[Saved data entries]
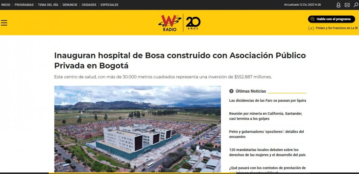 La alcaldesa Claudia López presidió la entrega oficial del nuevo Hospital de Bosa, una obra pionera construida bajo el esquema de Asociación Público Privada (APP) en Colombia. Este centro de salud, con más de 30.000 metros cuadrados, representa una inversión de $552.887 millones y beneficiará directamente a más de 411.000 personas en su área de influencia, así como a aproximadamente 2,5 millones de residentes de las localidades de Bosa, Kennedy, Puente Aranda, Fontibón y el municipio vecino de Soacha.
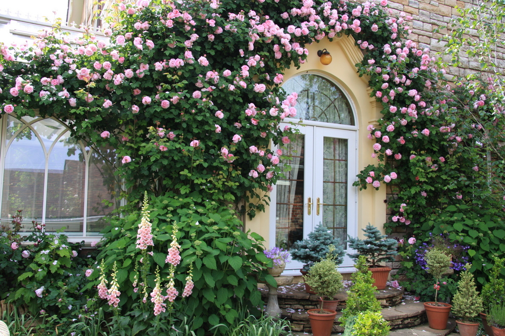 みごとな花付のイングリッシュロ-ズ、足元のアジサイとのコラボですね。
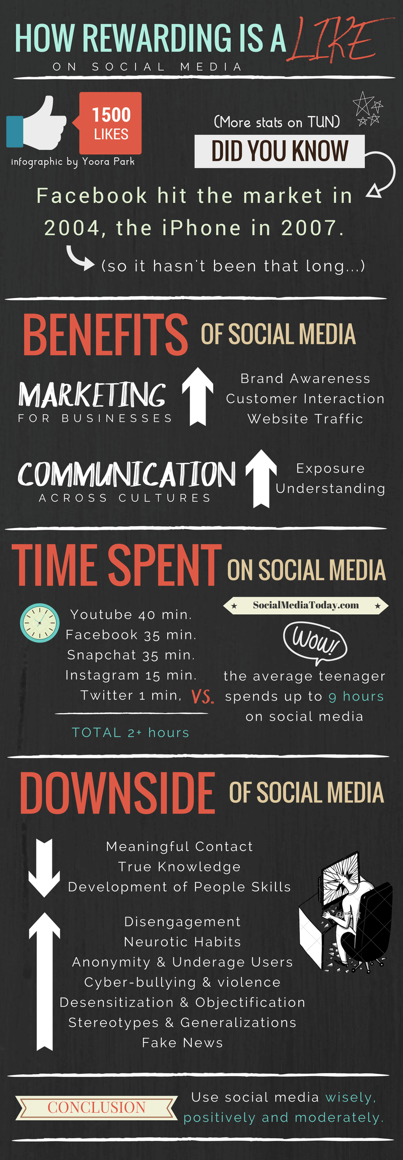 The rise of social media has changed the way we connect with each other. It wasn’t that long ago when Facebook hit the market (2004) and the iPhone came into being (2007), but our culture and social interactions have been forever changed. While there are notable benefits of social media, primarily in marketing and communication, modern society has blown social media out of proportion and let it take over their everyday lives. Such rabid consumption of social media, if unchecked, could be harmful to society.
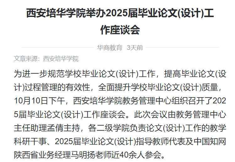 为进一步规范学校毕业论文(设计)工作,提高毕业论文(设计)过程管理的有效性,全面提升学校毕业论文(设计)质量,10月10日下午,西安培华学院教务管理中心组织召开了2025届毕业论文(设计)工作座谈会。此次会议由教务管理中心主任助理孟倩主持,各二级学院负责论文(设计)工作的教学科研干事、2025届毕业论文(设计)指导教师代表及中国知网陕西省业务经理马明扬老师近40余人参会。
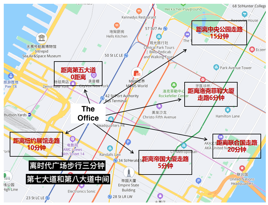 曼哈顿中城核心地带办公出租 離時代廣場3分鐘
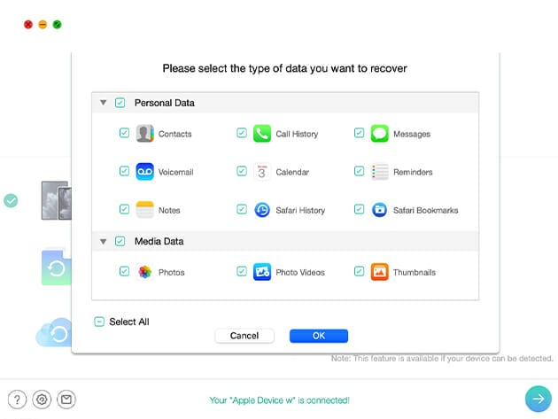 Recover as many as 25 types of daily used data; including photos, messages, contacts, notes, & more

# [TASK DETAILS]
Aside from the pictures, copy all of the entries exactly.

# [SOLUTION TO THIS TASK]
 La alcaldesa Claudia López presidió la entrega oficial del nuevo Hospital de Bosa, una obra pionera construida bajo el esquema de Asociación Público Privada (APP) en Colombia. Este centro de salud, con más de 30.000 metros cuadrados, representa una inversión de $552.887 millones y beneficiará directamente a más de 411.000 personas en su área de influencia, así como a aproximadamente 2,5 millones de residentes de las localidades de Bosa, Kennedy, Puente Aranda, Fontibón y el municipio vecino de Soacha.
 みごとな花付のイングリッシュロ-ズ、足元のアジサイとのコラボですね。
 The rise of social media has changed the way we connect with each other. It wasn’t that long ago when Facebook hit the market (2004) and the iPhone came into being (2007), but our culture and social interactions have been forever changed. While there are notable benefits of social media, primarily in marketing and communication, modern society has blown social media out of proportion and let it take over their everyday lives. Such rabid consumption of social media, if unchecked, could be harmful to society.
 为进一步规范学校毕业论文(设计)工作,提高毕业论文(设计)过程管理的有效性,全面提升学校毕业论文(设计)质量,10月10日下午,西安培华学院教务管理中心组织召开了2025届毕业论文(设计)工作座谈会。此次会议由教务管理中心主任助理孟倩主持,各二级学院负责论文(设计)工作的教学科研干事、2025届毕业论文(设计)指导教师代表及中国知网陕西省业务经理马明扬老师近40余人参会。
 曼哈顿中城核心地带办公出租 離時代廣場3分鐘
 Recover as many as 25 types of daily used data; including photos, messages, contacts, notes, & more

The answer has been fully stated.